While U.S. office markets are showings signs of improvement, the U.S. multifamily housing markets are deteriorating, as the single family housing starts to rebound. In this scenario, we believe investors should go long Boston Properties (BXP) and short Equity Residential (EQR), both operating in the U.S. office REITs and U.S. multifamily REITs sector, respectively.
U.S. Office Markets:
U.S. office markets have shown an improvement despite the sluggish pace of the country's general economy. Countrywide office rentals are increasing, while vacancy rates have touched their lowest levels in three years. We believe the lack of construction of new office facilities has led to the improvement in the U.S. office space markets. Nationwide vacant office space came down from 17.2% in the second quarter to 17.1% in the third quarter of the current year. Nationwide asking rent climbed 21 basis points to $28.23 per square foot from the second quarter to the third quarter of the current year. Energy and technology companies, with a large presence in San Francisco, California, New York and Boston, are said to be driving much of the improvement in the U.S. office space.

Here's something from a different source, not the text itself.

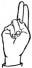 На ћирилици написано АРСЕНИЈЕ ЛУДОШКИ састоји се из 15 слова [?]. Исписано ћириличном једноручном азбуком за глувонеме: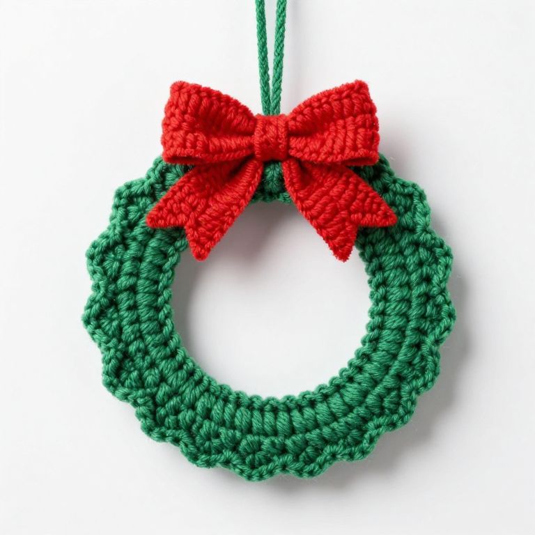 Handcrafted green crocheted Christmas wreath ornament featuring a vibrant red bow centered atop, suspended by a matching green string against a plain white background.

Compared to the historic average of 6.5 million square feet per year, office leasing in the San Francisco region totaled 4.5 million square feet during the first half of the current year. Office leasing has never been over 4 million since 2004. Office rents in the region have climbed 10.1% to $42.63 per square feet over the first half of the current year. Colliers International expects the rents to climb another 10% in 2013. Therefore, we believe the office REITs with exclusive or large presence in the region will benefit. We have identified Boston Properties to be one of the beneficiaries.
Boston Properties owns and operates office facilities largely in Boston, New York and the San Francisco regions. All three regions led the surge in office rents and decline in office vacancy rates. At the end of the second quarter, the company generated almost 37% of revenues from properties in Boston, followed by 26% and 11.6% from New York and the San Francisco regions, respectively.

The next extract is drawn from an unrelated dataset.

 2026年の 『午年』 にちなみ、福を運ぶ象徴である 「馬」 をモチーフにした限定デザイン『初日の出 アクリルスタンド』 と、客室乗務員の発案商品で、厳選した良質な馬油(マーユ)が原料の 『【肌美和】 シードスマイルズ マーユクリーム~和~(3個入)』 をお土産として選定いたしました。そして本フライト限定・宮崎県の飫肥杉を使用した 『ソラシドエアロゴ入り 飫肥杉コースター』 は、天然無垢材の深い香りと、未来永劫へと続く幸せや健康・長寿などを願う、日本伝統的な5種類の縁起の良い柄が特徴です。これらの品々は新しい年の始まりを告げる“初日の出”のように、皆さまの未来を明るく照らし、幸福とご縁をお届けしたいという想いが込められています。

BXP's stock has seen around 10% price appreciation since the beginning of the year, and trades at an FFO yield of 5.55%. We believe the company is well positioned to benefit from the improving U.S. office markets.
U.S. Multifamily Housing Markets:
The situation in the U.S. apartment or multifamily REITs markets is quite the opposite. As U.S. housing markets witness a rebound, the U.S. multifamily housing has witnessed a decline. Single family housing construction jumped 5.5% in the month of September 2012, which is the fasted since April 2010. Single family housing permits also increased 0.2%, the highest since March 2010. This has an inverse relation with multifamily housing.
Equity Residential :
Within the residential REITs sector of the U.S., Equity Residential operates as a large cap REIT with ownership development and management of high quality apartment properties. The company was also recently downgraded from neutral to sell by Goldman Sachs on lower return potential. Analysts at Goldman Sachs are of the view that the company has limited opportunity to advance its bottom line given the fundamentals in the U.S. multifamily housing markets. The stock that has seen over a 1% decline in its price since the beginning of the year, and is trading at an FFO yield of 4.5%. Therefore, we recommend our investors to short the stock on its poor earnings growth potential.
Disclosure: I have no positions in any stocks mentioned, and no plans to initiate any positions within the next 72 hours.